United States District Court, N.D. California, San Francisco Division

May 5, 2014

ROBERT H. O'CONNOR, Plaintiff,


NATHANAEL M. COUSINS, Magistrate Judge.

The issue before the Court is whether pro se plaintiff Robert O'Connor has stated any claim for relief against defendant Nationstar Mortgage, the beneficiary under a deed of trust to property formerly owned by O'Connor. Nationstar purchased the property in non-judicial foreclosure proceedings. For the reasons set forth below, the Court finds that the complaint is barred in part by res judicata and otherwise fails to state a claim for relief. Accordingly, the Court GRANTS Nationstar's motion to dismiss the complaint. The Court DENIES O'Connor's application for a temporary restraining order and order to show cause why a preliminary injunction should not be granted.


A. O'Connor's Allegations

In analyzing claims under Federal Rule of Civil Procedure 12(b)(6), the Court assumes that all material facts alleged in the complaint are true. Coal. For ICANN Transparency, Inc. v. VeriSign, Inc., 611 F.3d 495, 501 (9th Cir. 2010). The operative complaint here alleges that O'Connor is the sole owner of residential property located at 3157 Baker Street, San Francisco ("the property"). Dkt. No. 6 ¶ 4. The complaint alleges that defendant Nationstar "claims to be the actual owner under a [sic] Assigned of Deed of Trust to the property" and that "Nationstar became the beneficiary under a Deed of Trust recorded on plaintiff's property on April 11, 2007, by Assignment of Deed recorded on April 12, 2012." Id. ¶¶ 5-6. The complaint further alleges that on November 13, 2013, Nationstar gave notice of trustee's sale. Id. ¶ 9.

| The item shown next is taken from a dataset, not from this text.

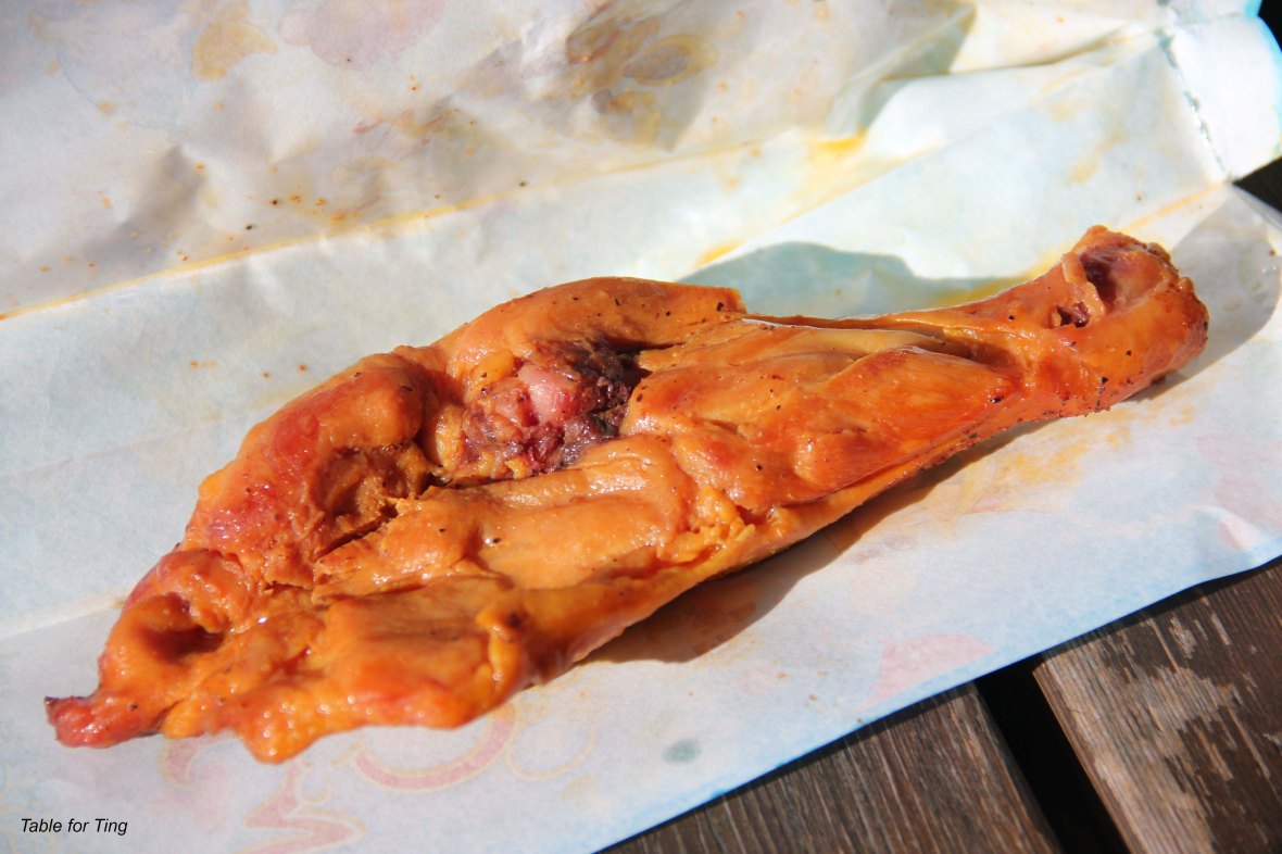 November 13, 2013 Smoked chicken leg (500Yen = SGD6.30) Smoked chicken leg. Looks really unappetizing. Tastes alright, it little on the oily side. This can be found at the Indian Jone ride. I would rather eat the smoked turkey leg.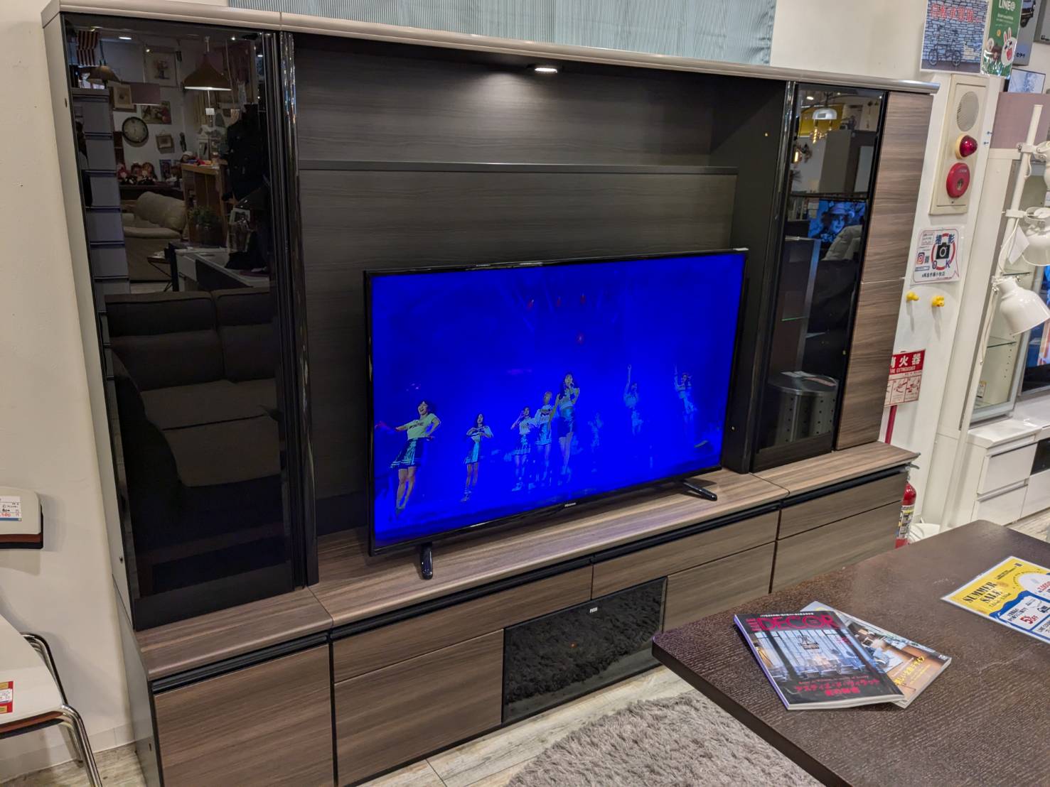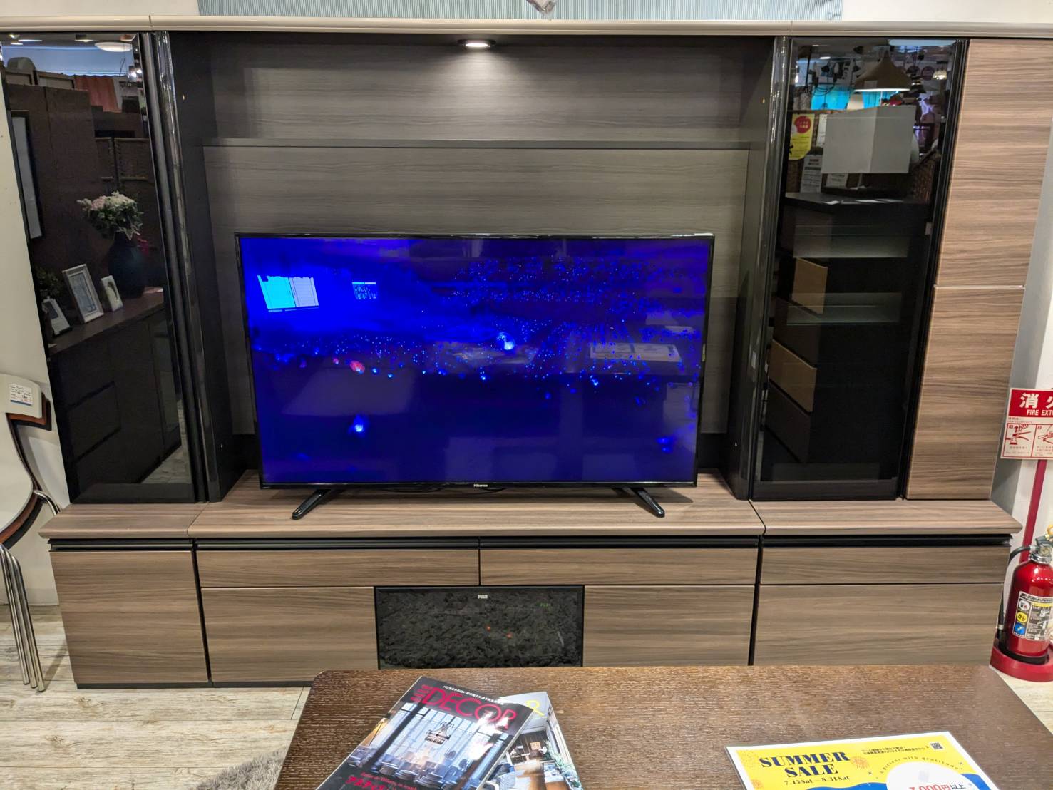 左右収納は大容量でAV機器もコンパクトに収納可能です。右側はライトアップもできますよー!

Public records submitted by the parties, of which the Court takes judicial notice as specified below, show that on April 23, 2007, a deed of trust was recorded on the property as security for a loan. Dkt. No. 29 at 42-43. The deed of trust identifies the lender as SCME Mortgage Bankers, Inc. ("SCME"), the beneficiary as Mortgage Electronic Registration Systems ("MERS"), "acting solely as a nominee" for the lender and its successors and assigns, and the trustee as Stewart Title Company of San Diego. Id. On August 11, 2009, a substitution of trustee was recorded showing that MERS designated Cal-Western Reconveyance Corporation ("Cal-Western") as trustee dated July 8, 2009. Dkt. No. 16-1 at 27-30. On July 14, 2009, Cal-Western recorded a notice of default due to O'Connor's failure to make the payments on the loan. Id. at 31-33. On February 15, 2011, an assignment of deed of trust was recorded showing that on July 14, 2009, MERS assigned the deed of trust to Aurora Loan Services LLC ("Aurora"). Id. at 34-36. On December 12, 2012, another assignment of deed of trust was recorded, showing that on September 20, 2012, Aurora assigned the deed of trust to Nationstar. Dkt. No. 6 at 11-13 (assignment of deed of trust, attached as Exhibit B to the operative complaint); see also Id. ¶ 6.

On January 29, 2010, a notice of trustee's sale for the property was recorded, noticing a public auction for February 18, 2010. Dkt. No. 16-1 at 49. On July 14, 2010, O'Connor filed a lawsuit in San Francisco Superior Court, Trustee (the "state court action"). Dkt. Nos. 7-4 at 1-30. In the complaint, O'Connor asserted various claims, including for wrongful foreclosure, fraud, unfair business practices, declaratory relief, and to quiet title, all of which challenged the authority of the defendants to foreclose on the property and sought to void the deed of trust and quiet title "in Fee Simple" to O'Connor as to the interest of the defendants. Id. ¶¶ 1-2, 44-58, 68-86, 93-95. On April 6, 2011, the state court entered an order sustaining defendants' demurrers to the complaint without leave to amend, finding that O'Connor "has not pleaded any basis to avoid [defendants'] rights to proceed against the property" and dismissed the case with prejudice. Dkt. No. 31-1 at 3-8. Also on the same date, the state court issued a final judgment against O'Connor and in favor of defendants. Dkt. Nos. 7-4 at 31-36.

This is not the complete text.